Bobby Yeah is a British stop motion animated short horror film written, directed and animated by Robert Morgan. It was made independently and completed in 2011.

The film premiered at the London International Animation Festival, and went on to screen at numerous international film festivals, including The Sundance Film Festival.

Bobby Yeah was nominated for the 2012 BAFTA Award for Best Short Animation.

Synopsis
A subhuman, rabbit-like creature named Bobby Yeah returns to his dark home with a hairy worm-like pet that he apparently stole. He notices a red button on its body and pushes it, resulting in two polyp creatures attached to metal boxes to spontaneously appear in his room. One of them begins to spew small red sperm seeds onto the floor and Bobby is forced to grab the polyp's long tongue and yank it out, killing it. The worm opens its tail and sucks up all the sperm to produce an egg. The egg hatches to reveal a small hairy creature that Bobby tucks in, only for it to morph into a giant disgusting baby head that kills the worm. The baby head knocks Bobby onto its back where he sees another button and pushes it, sending across a large field in broad daylight towards a metal box house.

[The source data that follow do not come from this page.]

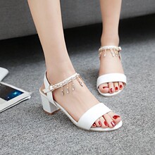 2017夏季新款波西米亚流苏串珠粗跟露趾凉鞋一字扣带高跟甜美女鞋
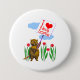 Pino com minha design de um personagem de castor segurando uma placa que diz "Eu coração a Nova Escócia" com um coração vermelho e flores.
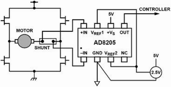 如圖5所示連接,AD8205在H橋馬達(dá)控制電路中作為控制回路的一部分,馬達(dá)和采樣電阻串連后放置在H橋的中間,通過檢測采樣電阻上的電壓,可以準(zhǔn)確地測量馬達(dá)當(dāng)前的電流及其方向。此時(shí),AD8205的輸出被設(shè)定成外部參考雙向的方式,這樣它可以測量H橋開關(guān)的雙向電流并同時(shí)監(jiān)測馬達(dá)的運(yùn)轉(zhuǎn)方向。由于地不是一個(gè)特別穩(wěn)定的參考電平,以地為參考將會(huì)導(dǎo)致測量的不準(zhǔn)確性。因此,這種測試方案要比以地作為參考電平的測試方法好的多。
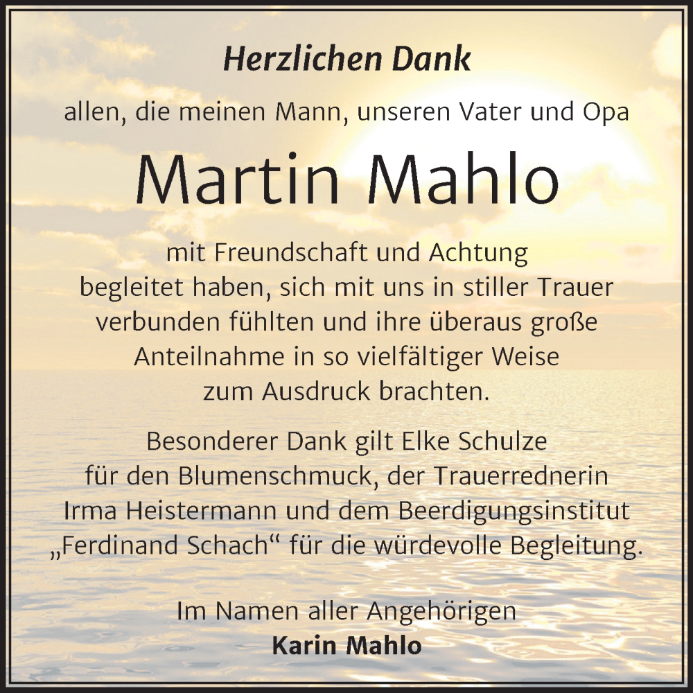 Hier finden Sie alle Traueranzeigen aus der Zeitung, die bisher für Martin Mahlo erschienen sind. Weitere Traueranzeigen, die in der Zeitung erscheinen, werden hier ebenfalls aufgelistet
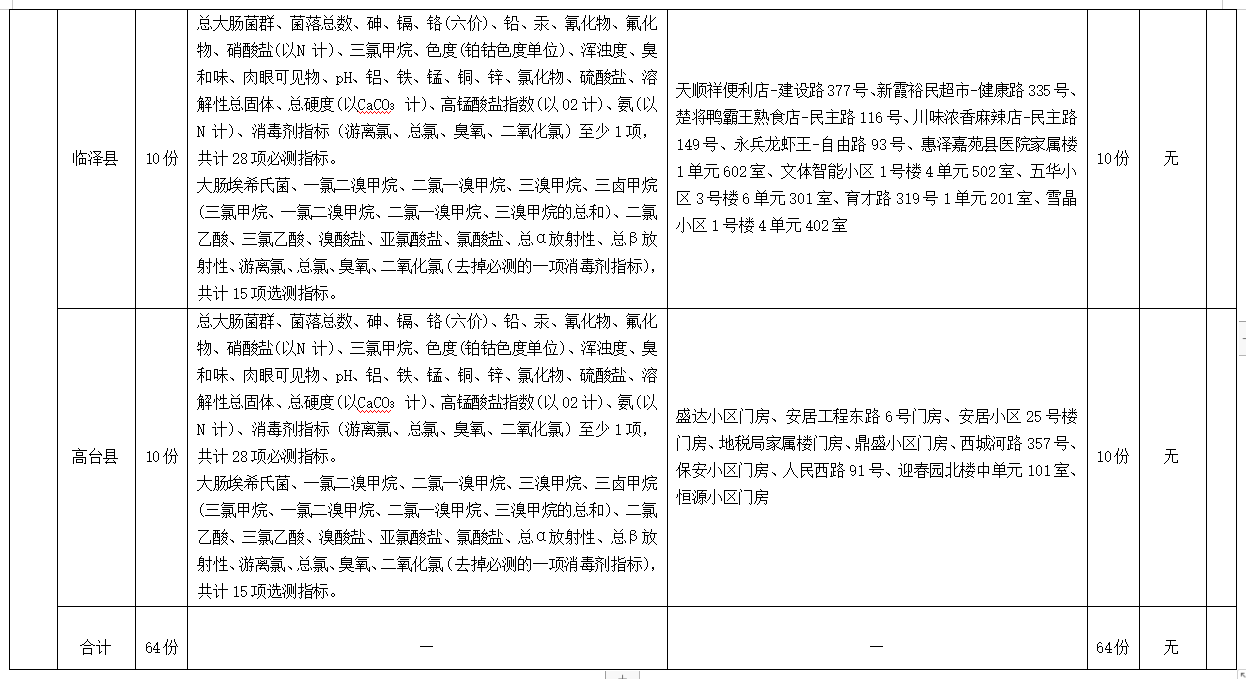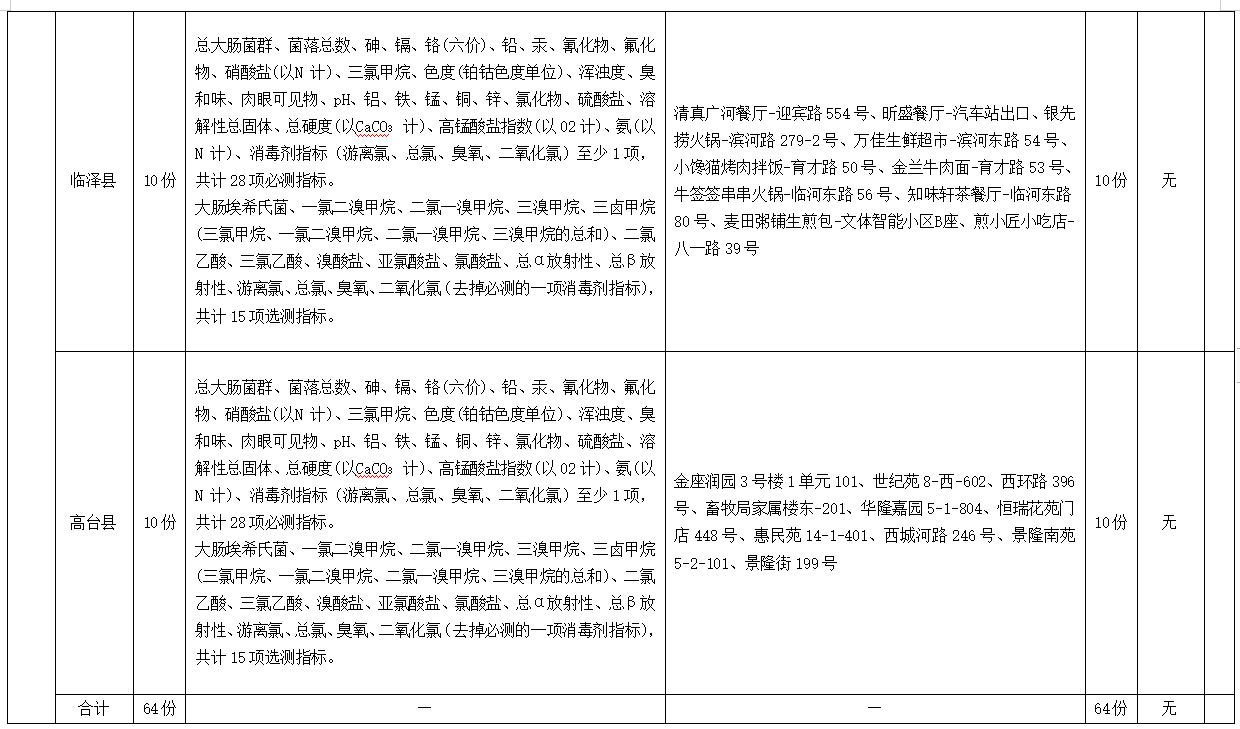 監(jiān)測(cè)覆蓋6縣區(qū)城市供水和農(nóng)村集中式供水,主要監(jiān)測(cè)對(duì)象為各縣區(qū)城區(qū)和農(nóng)村居民生活飲用水末梢水,即用戶水龍頭水。
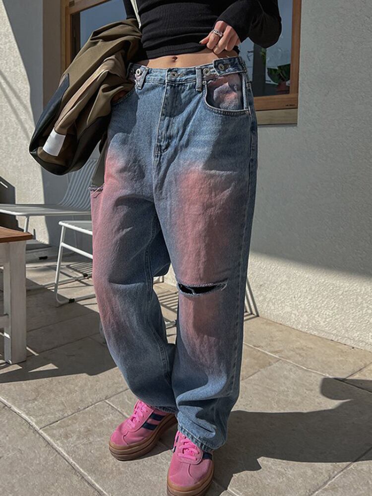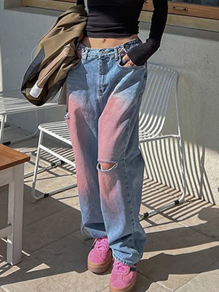 [EWQ] グラデーション ホール デニム パンツ春夏潮ストリート ウエスト ポケット ジーンズ タイダイ ズボン スプリング 春物 サマー 夏物
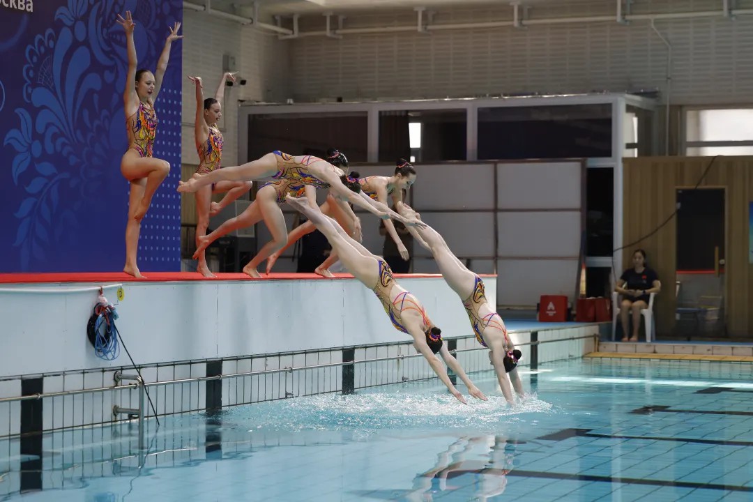 激情的音樂聲響起,隨著隊員靈動的身姿,翻滾、躍步、托舉,清澈的泳池中仿佛綻開朵朵美麗的鮮花……北京和莫斯科兩市花樣游泳隊上演了一場精彩的“水上芭蕾”。
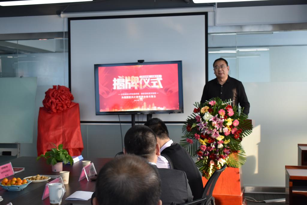 金融学院“创新创业指导教师”、德欧国际教育协会会长李万强在致辞中对我院来访表示热烈欢迎,对行业及公司发展情况做了介绍,表示将以社会实践基地建设为依托加强与山财大的联系,互利共赢,努力肩负起企业的社会责任,为学生提供更好的实践条件。吴红文书记简要介绍了学校及学院学科发展、科研工作、人才培养等工作发展情况,希望双方能够通过实践基地建设架设起沟通的桥梁,不断增进了解和互信,切实发挥实践基地作用,拓宽人才培养路径,不断增强学生实习实践能力,开展高质量合作,把更好服务学生成长发展。

Bobby finds himself in a room with pink fur walls where a face on a wall and a small winged baby interrogate him over the theft of the worm. After reluctantly admitting to the deed, as well as the worm's death, the baby produces a second head from its body that spits a button onto the face and Bobby's chest. A small finger scorpion and tall armless, bird-headed creature enter the room to attack Bobby. He manages to kill both of the grunts and the baby before escaping through the hole he came in through.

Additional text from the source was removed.